‘No,’ he said, stubbornly, ‘I don’t reckon I do, ma’am. Married people live together for always, don’t they?’
She tried another approach. ‘What do you believe in most, Ikey. I mean … what
idea
?
What’s terribly important to you, apart from Squire Craddock? Would it be your new school?’
He considered the question carefully, as though resolved to give as truthful an answer as his understanding of it permitted. ‘I suppose, England,’ he said finally, and then, doubtfully, ‘is that what you meant, Mrs Craddock?’
‘Yes,’ she said, ‘that’s exactly what I mean and now see if you can follow me a little further. England is your country and it’s very important to you. So it is to me and to the Squire, only we don’t all have the same ideas of how to work for it, or make it a better place for everyone to live in.’
His eyes never left hers as he said, ‘I can’t see what that’s got to do with you and Squire, ma’am.’

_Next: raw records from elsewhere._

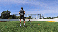 第二个训练有方向的触球,这次我们放置了两个三角形,距离与第一个练习中放置正方形的距离相同。这一次我们进行有方向的触球,先接球穿过身体到三角形的一侧,然后再传出。
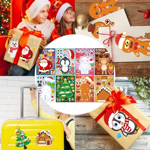 24PCS Christmas Stickers for Kids Make-a-face Sticker Make Your Own Characters Mix and Match Sticker Sheets with Full Body Design Christmas Gift Stickers for Craft, Christmas Goodie Stocking Stuffers
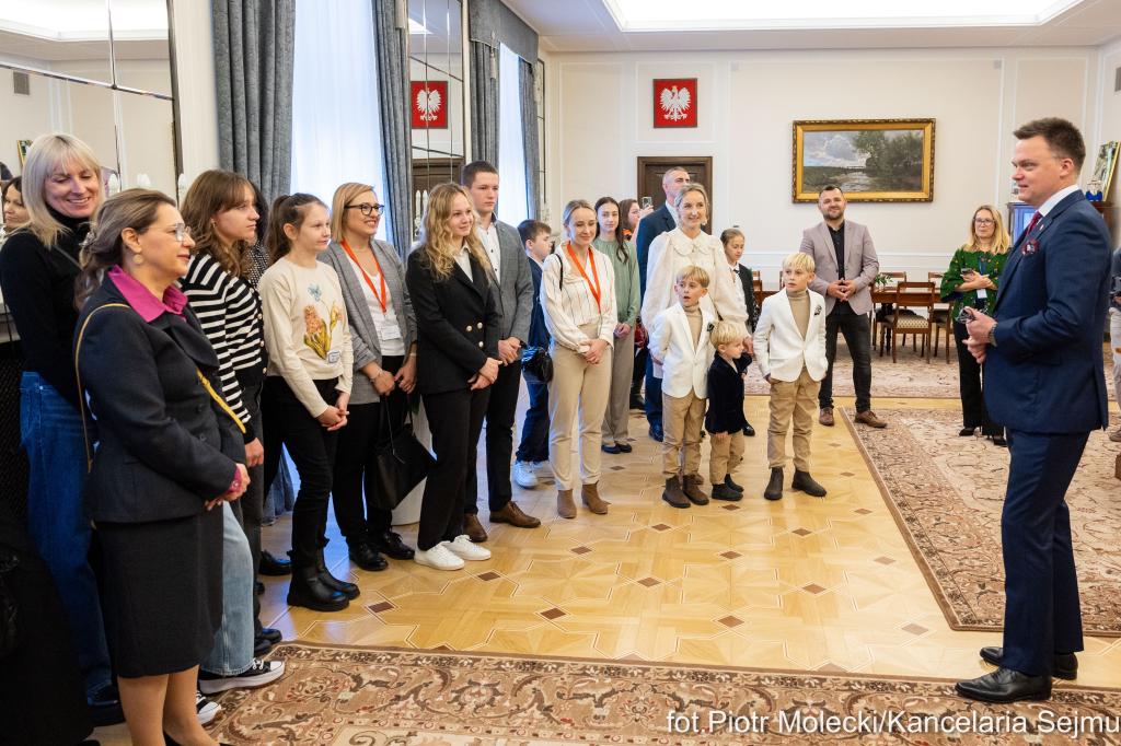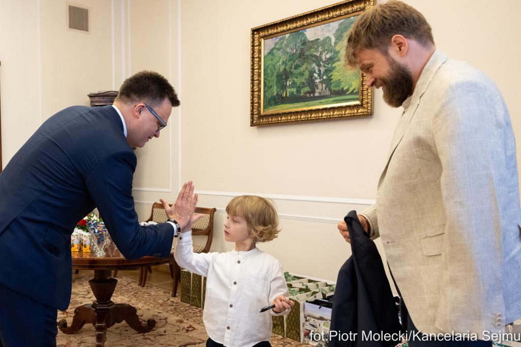 Przed otwarciem wystawy marszałek Hołownia przyjął w swoim gabinecie podopiecznych Fundacji Dorastaj z Nami. Pomaga ona dzieciom, których rodzice zginęli bądź zostali poszkodowani na służbie.
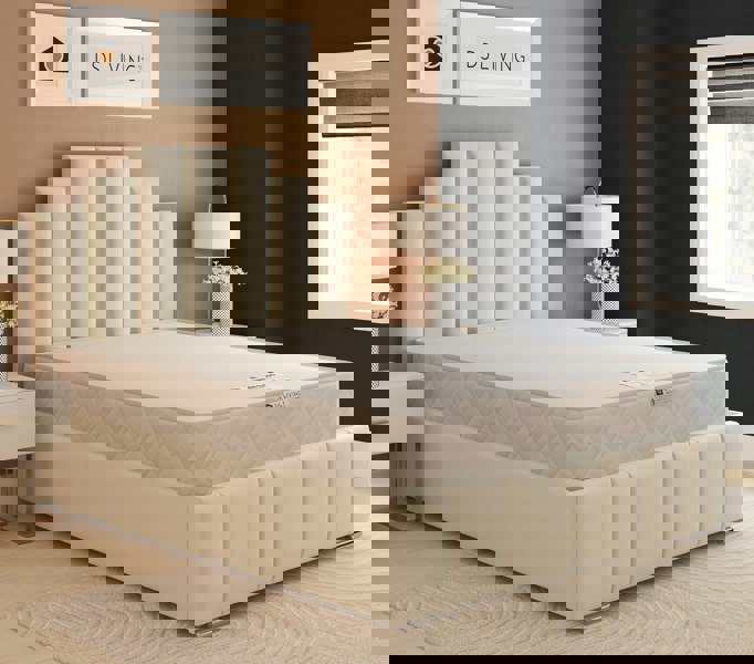 Wrapped in a smooth quilted panel top made from 100% polyester fabric, the surface delivers a cushioned, cloud-like feel from the very first night. Inside, recycled polyester comfort layers provide breathable insulation, enhancing airflow and cushioning while supporting more sustainable sleep choices.

‘Oh yes, you can, if you think, Ikey. You’re very sharp! If you weren’t you wouldn’t have got the idea of coming to find me in the first place and even if you had you could never have found your way here alone. What I’m trying to say is this—the Squire and I don’t live separate lives because we’ve quarrelled in the way that lots of married people quarrel. It’s just that he wants the
old
kind of England and I want a very different one. When married people think as opposite as that they cease to get any pleasure out of one another’s company.’

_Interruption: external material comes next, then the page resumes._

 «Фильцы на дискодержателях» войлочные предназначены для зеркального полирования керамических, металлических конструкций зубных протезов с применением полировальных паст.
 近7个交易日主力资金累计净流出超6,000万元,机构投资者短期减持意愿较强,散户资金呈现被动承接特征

‘You mean you ran away just to join the suffragettes?’ he asked, incredulously.
‘Not exactly,’ she said, smiling, ‘but that was what decided me. I really left because there was no real place for me in the Valley and I believe Squire understands that now. If you give him time I don’t think he’ll continue to hold it against me!’

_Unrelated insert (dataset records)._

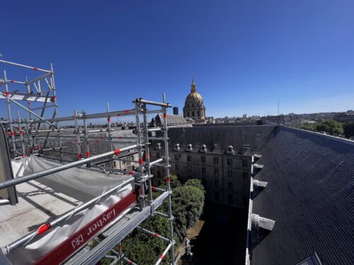 Le département couverture a participé à la restauration de la façade nord de l’Hôtel National des Invalides en posant de l’ardoise au clou et les habillages en plomb. Les chéneaux en cuivre ont été pré-façonnés dans nos ateliers de Gennevilliers pour gagner en productivité, en qualité de réalisation et en sécurité.
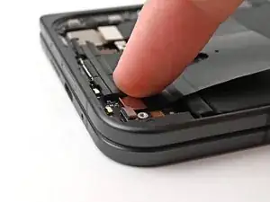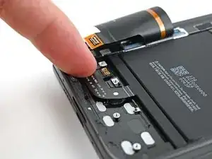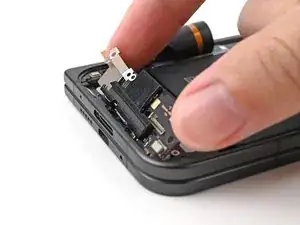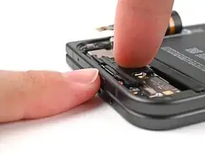 Используйте пинцет или пальцы, чтобы отодвинуть кронштейн батареи в сторону от нажимного разъёма батареи.
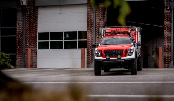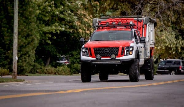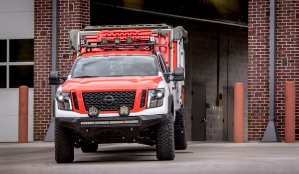 Para su construcción se ha tomado el Titan XD Diesel Midnight Edition, sustituyendo la caja del pick-up por un módulo añadido de grandes dimensiones. La nueva caja diseñada por Rockit West, alberga un centro de operaciones móvil y todos los accesorios necesarios para enfrentarse a cualquier situación de emergencia. En el interior de la cabina encontramos un interior personalizado de Goose Gear con un escritorio, un sofá, cocina móvil, estufa, fregadero, microondas, paneles solares y hasta una cama.

‘Then why is he so miserable?’ demanded Ikey and she said, quickly, ‘Because he’s very lonely! You’re away at school most of the time and Shallowford is a big empty house for a man to live in alone. Besides, I don’t believe he is miserable all the time or not when he’s out in the open. Maybe he’ll marry again!’
‘How could he do that when he’s married to you?’
‘People can get unmarried—divorced, and I’ve already gone into that, although he doesn’t know about it yet. I suppose it must sound terribly complicated to you, Ikey, so you’ll just have to take my word for it until you’re older! It wouldn’t be the slightest good my coming home simply because he was injured. You see, I believe in what I’m doing here, with all my heart and soul, just as much as Squire believes in what
he’s
doing, and besides, I wouldn’t want to live in the country again.’ She paused. ‘Have I made any kind of sense to you?’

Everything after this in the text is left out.